Commerce & Government–Delicate Balance in Hanover
50 years ago, in 1957, Lawrence B. Sheppard, President of Hanover Shoe Company, opposed a Hanover council proposal to limit parking on Carlisle Street from Park Avenue to Library Place to three-hours. Mr. Sheppard warned that such an ordinance “… would force the factory owners to move from the community.” The regulation, which had been proposed to provide more parking for shoppers, was then tabled. However the parking regulations played out, the shoe company continued to prosper in Hanover.
Sheppard was the son of Harper D. Sheppard, who, with his partner Clinton N. Myers, built a struggling shoe factory into a nationally-known maker of quality shoes. The web site of the Sheppard Mansion, an inn and fine dining establishment opened in 1998 by Sheppard descendants, states that Sheppard and Myers built their shoe empire on selling the best possible shoes for one price ($2.50 in 1899) and by selling directly to the public.

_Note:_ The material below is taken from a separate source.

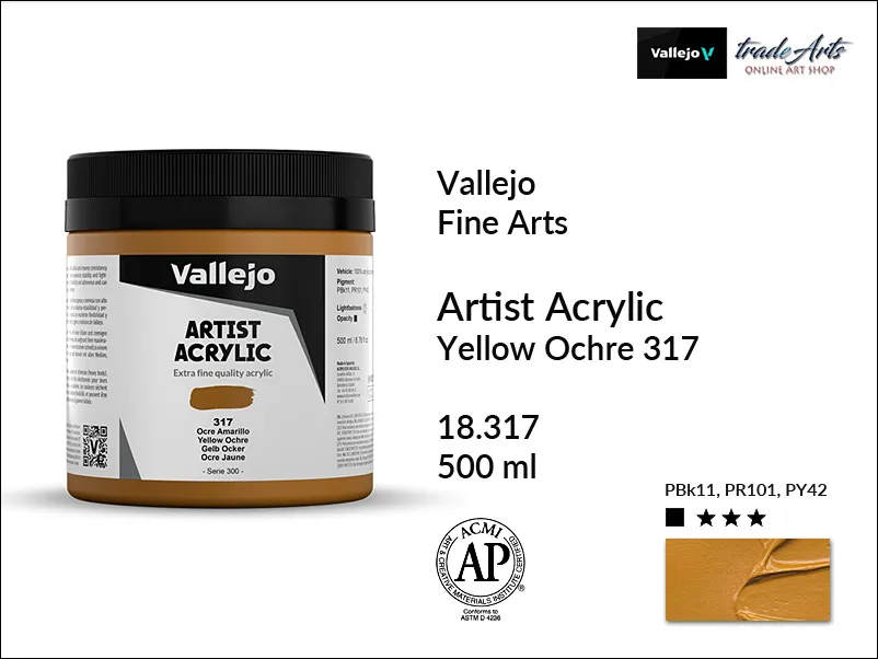 Farba akrylowa Vallejo Acrylic Artist Color, kolor: Yellow Ochre 317, opak. 500 ml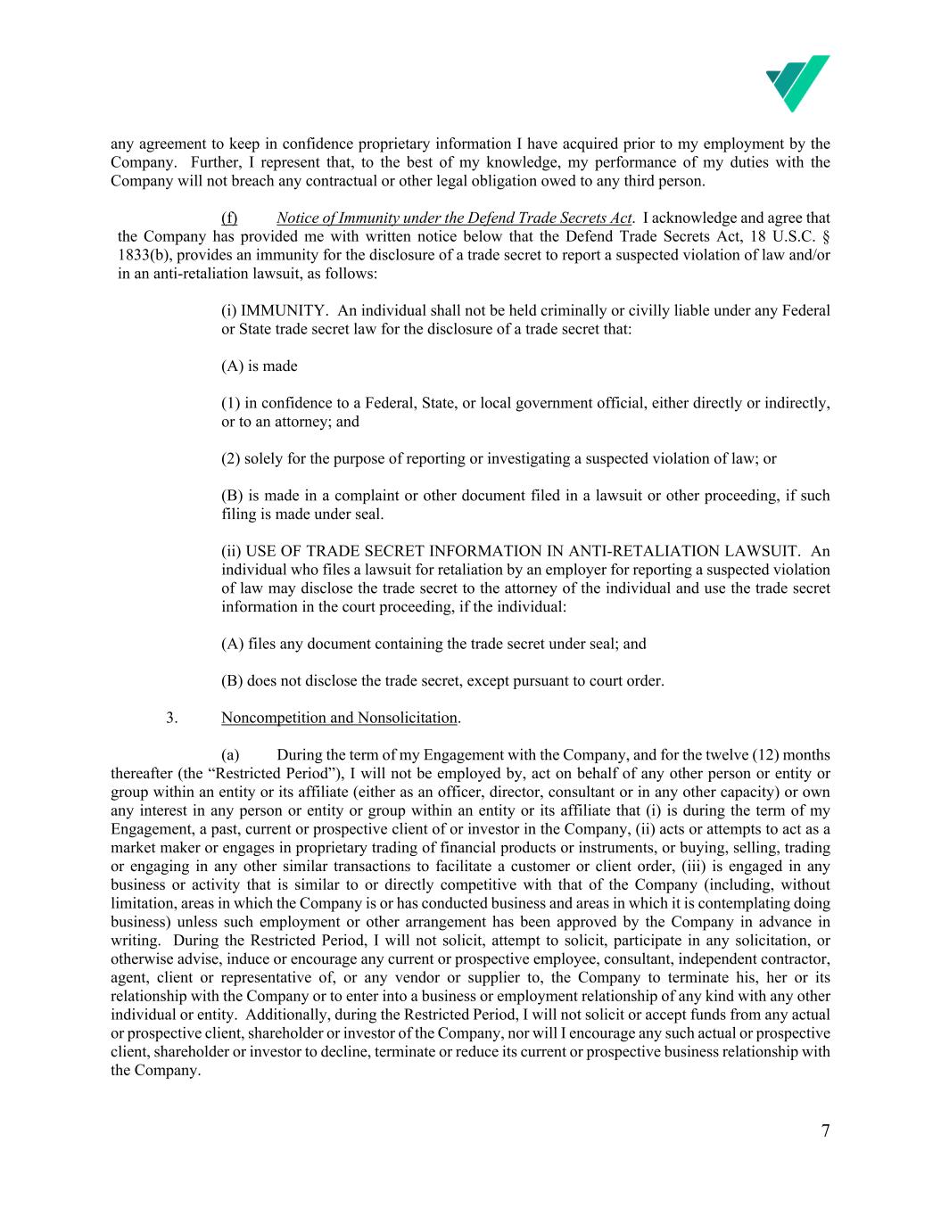 7 any agreement to keep in confidence proprietary information I have acquired prior to my employment by the Company. Further, I represent that, to the best of my knowledge, my performance of my duties with the Company will not breach any contractual or other legal obligation owed to any third person. (f) Notice of Immunity under the Defend Trade Secrets Act. I acknowledge and agree that the Company has provided me with written notice below that the Defend Trade Secrets Act, 18 U.S.C. § 1833(b), provides an immunity for the disclosure of a trade secret to report a suspected violation of law and/or in an anti-retaliation lawsuit, as follows: (i) IMMUNITY. An individual shall not be held criminally or civilly liable under any Federal or State trade secret law for the disclosure of a trade secret that: (A) is made (1) in confidence to a Federal, State, or local government official, either directly or indirectly, or to an attorney; and (2) solely for the purpose of reporting or investigating a suspected violation of law; or (B) is made in a complaint or other document filed in a lawsuit or other proceeding, if such filing is made under seal. (ii) USE OF TRADE SECRET INFORMATION IN ANTI-RETALIATION LAWSUIT. An individual who files a lawsuit for retaliation by an employer for reporting a suspected violation of law may disclose the trade secret to the attorney of the individual and use the trade secret information in the court proceeding, if the individual: (A) files any document containing the trade secret under seal; and (B) does not disclose the trade secret, except pursuant to court order. 3. Noncompetition and Nonsolicitation. (a) During the term of my Engagement with the Company, and for the twelve (12) months thereafter (the “Restricted Period”), I will not be employed by, act on behalf of any other person or entity or group within an entity or its affiliate (either as an officer, director, consultant or in any other capacity) or own any interest in any person or entity or group within an entity or its affiliate that (i) is during the term of my Engagement, a past, current or prospective client of or investor in the Company, (ii) acts or attempts to act as a market maker or engages in proprietary trading of financial products or instruments, or buying, selling, trading or engaging in any other similar transactions to facilitate a customer or client order, (iii) is engaged in any business or activity that is similar to or directly competitive with that of the Company (including, without limitation, areas in which the Company is or has conducted business and areas in which it is contemplating doing business) unless such employment or other arrangement has been approved by the Company in advance in writing. During the Restricted Period, I will not solicit, attempt to solicit, participate in any solicitation, or otherwise advise, induce or encourage any current or prospective employee, consultant, independent contractor, agent, client or representative of, or any vendor or supplier to, the Company to terminate his, her or its relationship with the Company or to enter into a business or employment relationship of any kind with any other individual or entity. Additionally, during the Restricted Period, I will not solicit or accept funds from any actual or prospective client, shareholder or investor of the Company, nor will I encourage any such actual or prospective client, shareholder or investor to decline, terminate or reduce its current or prospective business relationship with the Company.

Hanover Shoe has been part of the huge C&J Clark International shoe company since 1978, but the retail store in Hanover only changed the name from Hanover Shoe Outlet to Clarks Bostonian when they remodeled a few years ago. The Hanover Evening Sun has just reported that Adams County’s Conewago Township Board of Supervisors recently requested that Clarks complete further traffic studies before building their proposed new distribution facility. It is to be located across Kindig Lane from their present building and will be three times larger.
Whether past, present or future, balancing the needs of the employers and merchants who provide jobs with those of the residents, as well as maintaining the infrastructure, challenge officials in all of York County’s 72 and Adams County’s 34 municipalities.